I see it over and over again: a patient presents with crushing fatigue, anxiety (sometimes panic attacks), insomnia, joint pain, back pain, depression (sometimes mood swings), and general malaise — the gamut of symptoms, basically — and we chase them with one physical treatment after another. They get a little better here and there, but it still feels like we’re chasing symptoms…
Until one day, the patient leaves her overly demanding job and goes and finds something she loves. Then the symptoms “magically” all disappear.
There’s something about living in alignment with our own internal value system that breeds health. – Tweet That!
Job Stress from Modern American “Sweat Shops”
If you’ve read my bio, you may have seen that my father passed away from pancreatic cancer when I was a teenager. But I’m pretty sure work stress, in large part, was what really killed him. He got called at all hours. He got blamed for things he didn’t do, and other people took credit for what he did do… and he felt he had no power, no way to fight back. At the height of the work load, he suddenly got sick. He was diagnosed and died two weeks later.
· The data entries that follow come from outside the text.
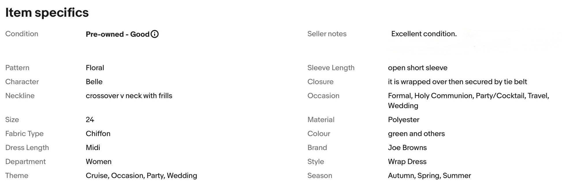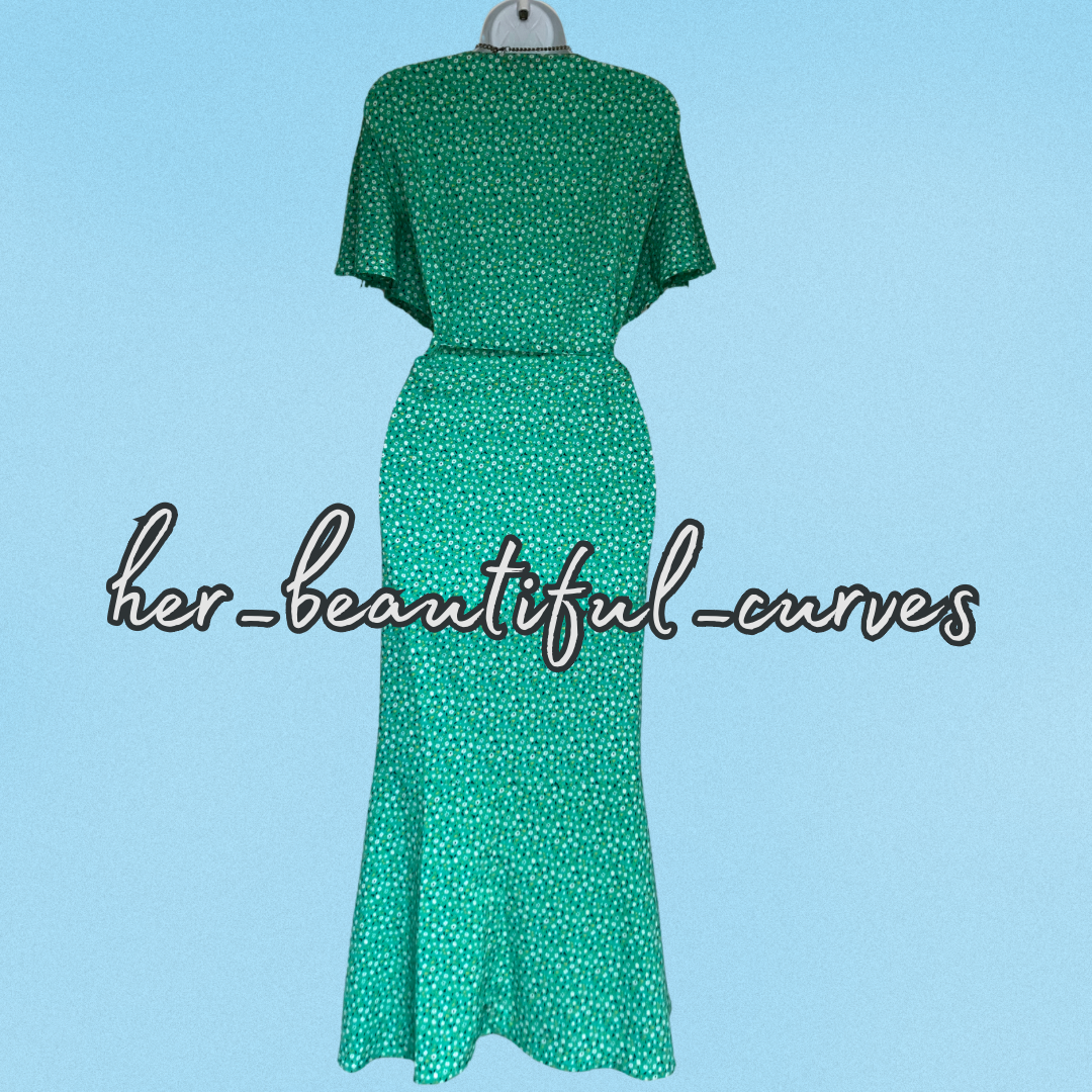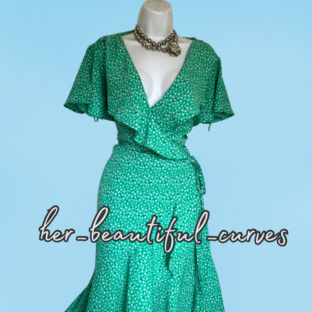 A stunning dress from Joe Browns. It features flattering crossover v neckline with frills, gorgeous ditsy floral print, it is wrapped over then secured by tie belt, falls to glamorous midi length.
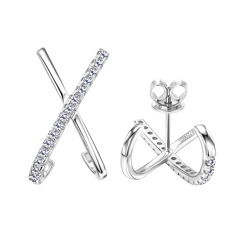 עגילי X מעוצבים באלגנטיות מודרנית ומשובצים באבני מואסנייט בקוטר 1.4 מ”מ, המעניקות ברק עדין וניצוץ ייחודי.
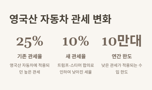 우리 아빠가 영국 자동차 브랜드 좋아하시거든. 요즘 환율이랑 관세 때문에 수입차 가격 엄청 올랐는데, 이런 정책 바뀌면 진짜로 자동차 값에도 변화가 있을 수 있겠다 싶었어.
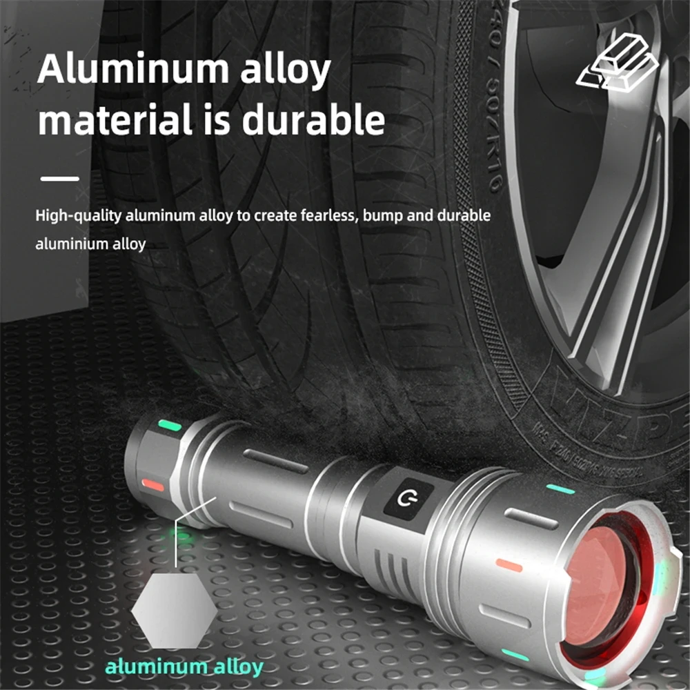 White Laser LED Flashlight with Power Bank Long Range High-Power Type-c Charging Tactical Torch 50W Outdoor Adventure Lighting

So to me, this is personal.
I can’t say I was terribly surprised to read the NYT exposé on the working conditions at Amazon. This is the culture in big business, and particularly in the tech industry: Faster. Bigger. More. Management agrees to outrageous project deadlines, committing their employees to increasingly unreasonable feats, and employees feel they have no choice but to comply.
“Nearly every person I worked with, I saw cry at their desk,” said Bo Olson, formerly in book marketing for Amazon.
“Amazon came under fire in 2011 when workers in an eastern Pennsylvania warehouse toiled in more than 100-degree heat with ambulances waiting outside, taking away laborers as they fell,” says the NYT article. “After an investigation by the local newspaper, the company installed air-conditioning.”
Noelle Barnes, former Amazon employee, says they have a saying at Amazon: “Amazon is where overachievers go to feel bad about themselves.”
This USA Today article echoes the same sentiments, only this time from Dustin Moskovitz, one of the Facebook founders. Moskovitz attributes his work load to a myriad of health problems at the time, including panic attacks and throwing his back out regularly (in his 20s).
The Take-Home Message:
Yes, you have to make a living. Yes, you have to provide for your family. But take a good, hard look at the state of your health and happiness. Only you truly know whether your job is your “obstacle to cure.”
If it is, ask yourself: is it worth it?